** WORK TASK **
The expected output is exactly the lines below, starting at the line with "In addition to" and ending at the line with "游戏玩法:点击确认所显示的钱包、手机、钥匙与所对应的文字是一致的", both included; no other line belongs in it.

AVAILABLE RECORDS START

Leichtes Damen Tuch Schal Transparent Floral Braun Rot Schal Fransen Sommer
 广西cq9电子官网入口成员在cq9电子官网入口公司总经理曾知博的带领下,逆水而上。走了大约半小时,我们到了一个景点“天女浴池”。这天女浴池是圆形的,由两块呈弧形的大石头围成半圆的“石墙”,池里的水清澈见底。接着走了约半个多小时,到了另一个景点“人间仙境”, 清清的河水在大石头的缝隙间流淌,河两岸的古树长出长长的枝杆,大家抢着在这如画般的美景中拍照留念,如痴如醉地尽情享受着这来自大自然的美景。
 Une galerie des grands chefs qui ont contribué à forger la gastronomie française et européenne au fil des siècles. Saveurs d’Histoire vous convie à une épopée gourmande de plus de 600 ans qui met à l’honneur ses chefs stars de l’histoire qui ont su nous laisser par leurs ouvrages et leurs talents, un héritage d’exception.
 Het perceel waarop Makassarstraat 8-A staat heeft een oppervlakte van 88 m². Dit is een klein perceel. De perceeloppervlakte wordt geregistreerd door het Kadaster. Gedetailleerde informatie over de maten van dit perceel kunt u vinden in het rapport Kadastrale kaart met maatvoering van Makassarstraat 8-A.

AVAILABLE RECORDS END
AVAILABLE RECORDS START

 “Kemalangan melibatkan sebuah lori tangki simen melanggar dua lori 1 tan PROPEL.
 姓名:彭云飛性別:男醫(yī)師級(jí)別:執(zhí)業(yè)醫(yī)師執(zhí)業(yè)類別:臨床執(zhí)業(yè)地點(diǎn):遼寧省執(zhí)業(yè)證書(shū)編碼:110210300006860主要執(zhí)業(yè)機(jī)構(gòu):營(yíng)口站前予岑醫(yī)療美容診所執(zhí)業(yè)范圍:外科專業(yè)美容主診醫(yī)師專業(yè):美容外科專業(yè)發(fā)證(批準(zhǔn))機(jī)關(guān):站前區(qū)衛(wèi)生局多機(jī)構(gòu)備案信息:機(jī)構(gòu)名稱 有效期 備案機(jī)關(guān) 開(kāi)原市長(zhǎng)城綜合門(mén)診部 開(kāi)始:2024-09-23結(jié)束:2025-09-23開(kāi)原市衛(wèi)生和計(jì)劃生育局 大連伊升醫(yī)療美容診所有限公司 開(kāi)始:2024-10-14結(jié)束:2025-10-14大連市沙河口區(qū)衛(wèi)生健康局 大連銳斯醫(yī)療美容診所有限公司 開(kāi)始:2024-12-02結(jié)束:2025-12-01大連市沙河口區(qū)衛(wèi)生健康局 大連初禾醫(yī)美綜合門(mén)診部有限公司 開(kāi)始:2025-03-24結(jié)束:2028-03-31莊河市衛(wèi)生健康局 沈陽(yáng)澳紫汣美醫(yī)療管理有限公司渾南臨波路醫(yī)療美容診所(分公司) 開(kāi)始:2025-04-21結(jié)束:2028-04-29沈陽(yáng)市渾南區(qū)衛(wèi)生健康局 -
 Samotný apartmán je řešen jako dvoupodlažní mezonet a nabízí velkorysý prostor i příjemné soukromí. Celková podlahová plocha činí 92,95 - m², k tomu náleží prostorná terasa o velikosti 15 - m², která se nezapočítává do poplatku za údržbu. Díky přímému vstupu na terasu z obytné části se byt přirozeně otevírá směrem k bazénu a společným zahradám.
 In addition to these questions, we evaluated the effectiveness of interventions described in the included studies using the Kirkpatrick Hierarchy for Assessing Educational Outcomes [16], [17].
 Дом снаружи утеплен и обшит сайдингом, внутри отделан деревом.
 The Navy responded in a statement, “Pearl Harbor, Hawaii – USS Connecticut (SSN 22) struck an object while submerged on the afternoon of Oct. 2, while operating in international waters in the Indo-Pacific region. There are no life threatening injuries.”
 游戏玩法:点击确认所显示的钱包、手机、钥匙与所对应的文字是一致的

AVAILABLE RECORDS END

** WRITTEN RESPONSE **
 In addition to these questions, we evaluated the effectiveness of interventions described in the included studies using the Kirkpatrick Hierarchy for Assessing Educational Outcomes [16], [17].
 Дом снаружи утеплен и обшит сайдингом, внутри отделан деревом.
 The Navy responded in a statement, “Pearl Harbor, Hawaii – USS Connecticut (SSN 22) struck an object while submerged on the afternoon of Oct. 2, while operating in international waters in the Indo-Pacific region. There are no life threatening injuries.”
 游戏玩法:点击确认所显示的钱包、手机、钥匙与所对应的文字是一致的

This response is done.